> **To do**:
For the lines from the one with "I also get a" to the end of the listing below, both ends included, give an exact copy and nothing more. Do not copy pictures.

> **Information provided**:
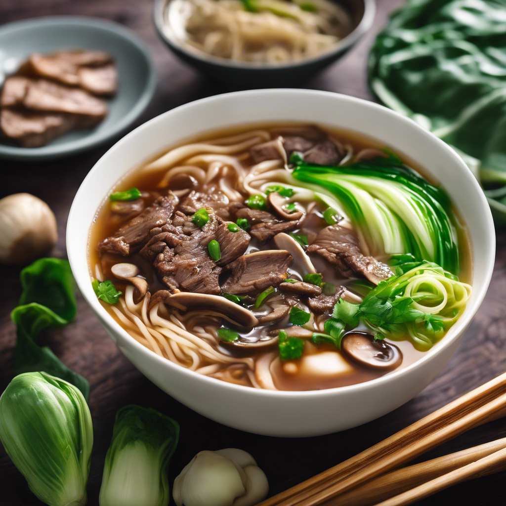 Chinese Beef Noodle Soup with Bok Choy and Mushrooms
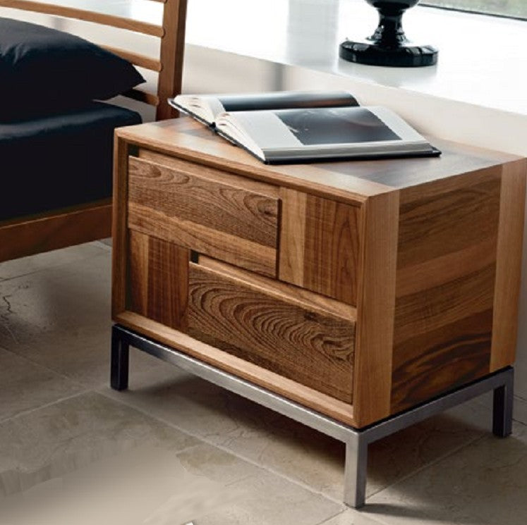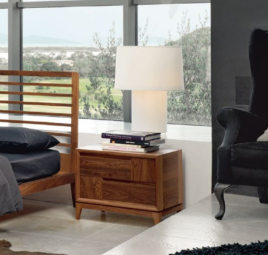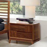 A delight for the eye with its alternating wood grain patterns and play of light and shadow, the Toscano nightstand exhibits the careful attention that goes into every detail. The nightstand is crafted of solid walnut with a visible natural grain and hand oiled finish. The interiors of the two drawers are also finished in solid wood and are constructed using mortise and tenon joinery. The top and sides of the nightstand are beautifully detailed with a contrasting wood trim. The subtly detailed base, also in solid walnut, lends a light and airy elegance to the piece. Its timeless style easily adapts to both the most modern environments or more traditional settings.
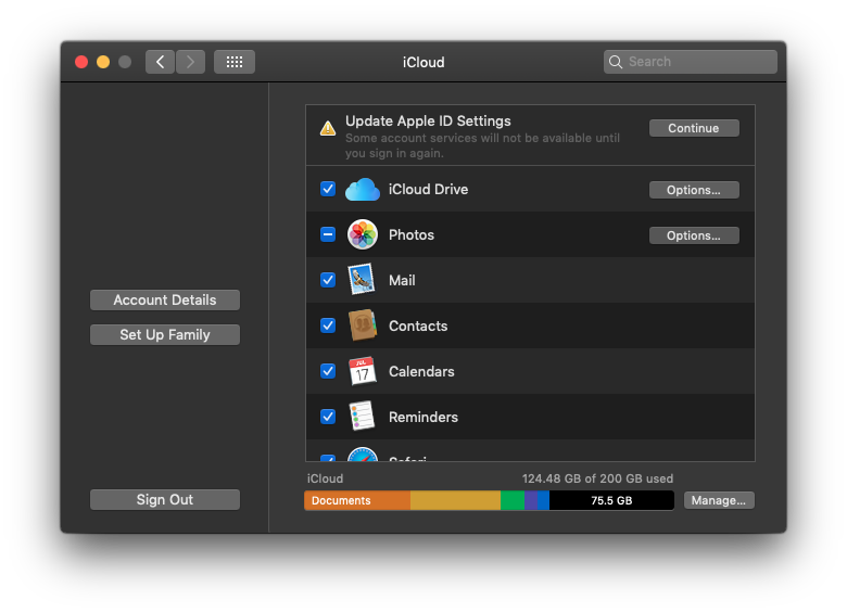 I also get a message about having to update iCloud settings > when I click that, it prompts me to log in again but not to change any settings.
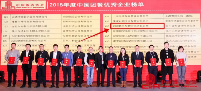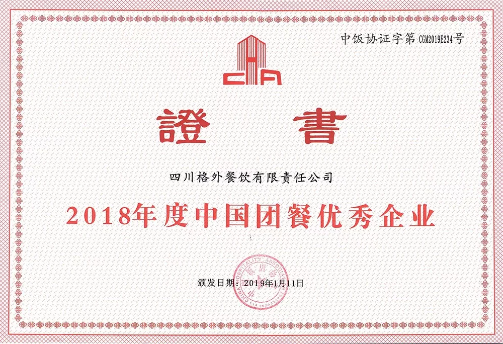 四川格外餐饮有限责任公司凭借“安全、标准、营养、创新”的发展理念、优质的管理以及良好的业绩,荣获了“2018年度中国团餐优秀企业”。

> **Response area**:
 I also get a message about having to update iCloud settings > when I click that, it prompts me to log in again but not to change any settings.
 四川格外餐饮有限责任公司凭借“安全、标准、营养、创新”的发展理念、优质的管理以及良好的业绩,荣获了“2018年度中国团餐优秀企业”。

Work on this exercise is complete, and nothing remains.